One has to necessarily ruminate about the quality of our local officials. How do we end up electing officials with the capacity to unleash schemes like this?

We probably have to be grateful they had the best of intentions, and in the true spirit of public service, thought they were helping the community. But that only brings to mind that apt adage about the road to hell. And we shouldn't reward stupidity. In fact, we should call them out for it, because they did run for their posts, and with victory, comes responsibility. Including - and this is the least of it - stewardship over public funds.
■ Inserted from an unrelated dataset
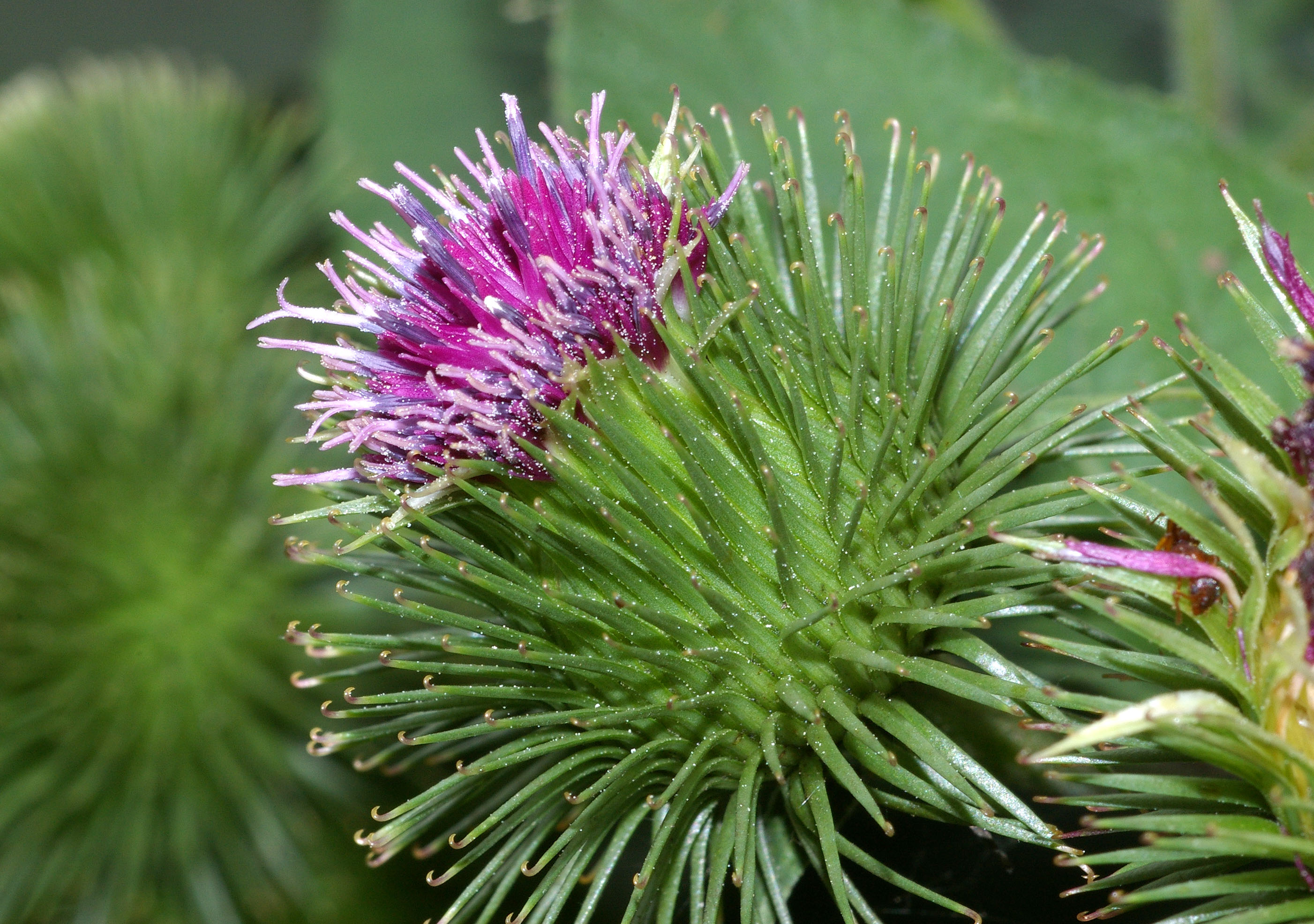 Inflorescence of Greater Burdock, Arctium lappa (Asteraceae).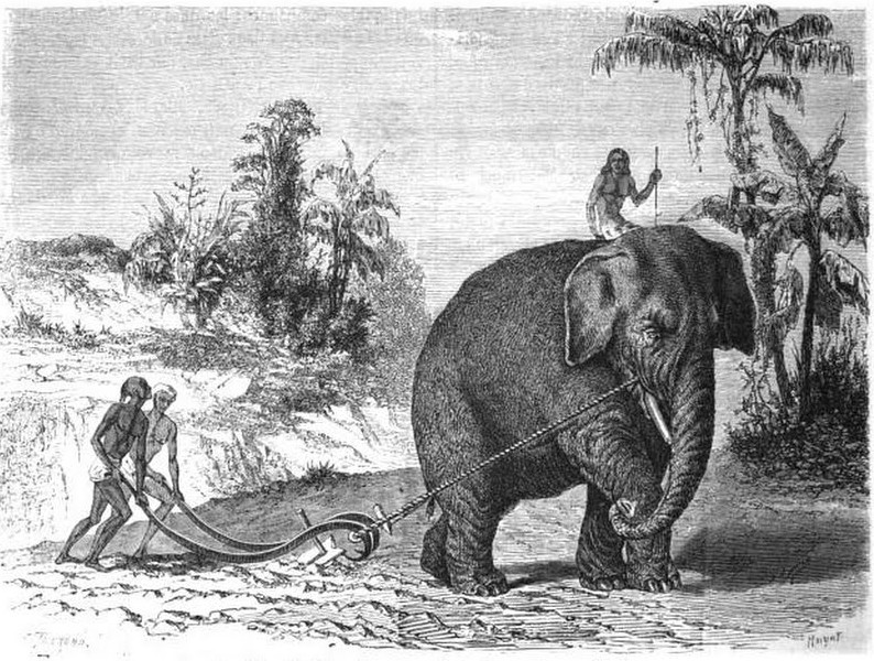 A work elephant in Ceylan.

Necessarily, the toads were procured from a supplier, with cash paid. What kind of research was performed by the officials? (Obviously, none). What kind of specs were drawn up and released to the supplier? (A generic call for the supply of palaka-looking critters?). How did the barangay sign off on the delivery when these arrived? Was an inspection performed to see whether they were breathing and croaking?

(Unless the officials had a frog-catching day and they were successful in harvesting a thousand "frogs" - without encountering their poison glands - and then kept the catch fresh for a couple of days before the grand launch?).

Now that public funds were used to purchase toads, will we get to see prosecution for this misuse? Or will public scorn be enough to chastise offenders?

The root of this unfortunate incident, we must remember, is dengue. Meanwhile, we see headlines about the children of rich families getting their dengue vaccine shots from abroad, because an unfortunate controversy has erupted about the efficacy of the vaccine and the alleged corrupt government program that spent billions purchasing and deploying it.

That vaccination program has been suspended, numerous Senate hearings held, much media mileage and front page exposés generated, and meanwhile, less-fortunate kids can’t get the vaccine. What are we to do while he experts debate the truth?

So many officials have been implicated, all the way up to the former president. (It’s interesting to see how Noynoy Aquino's name keeps on floating up and then disappearing. It's as if his political opponents are floating test balloons to see if his unpopularity is already that strong so they can proceed with plans to hang him out to dry. But the former president keeps himself out of the public eye, despite the best efforts to drag him into this and that controversy. He's kept an even lower profile than Barack Obama, who is similarly being dragged by Trump into the latest scandal du jour. So, there's no opportunity for public ire to build against Noynoy, and no leverage for opportunists to use.)

Fingers are pointed everywhere. Thousands are still getting dengue. The government programs to address it are inadequate. And let's add to the mix, toxic toads and the ecological imbalance brought by their release into non-native habitats.

Does anyone have that feeling that our swamp just keeps getting murkier?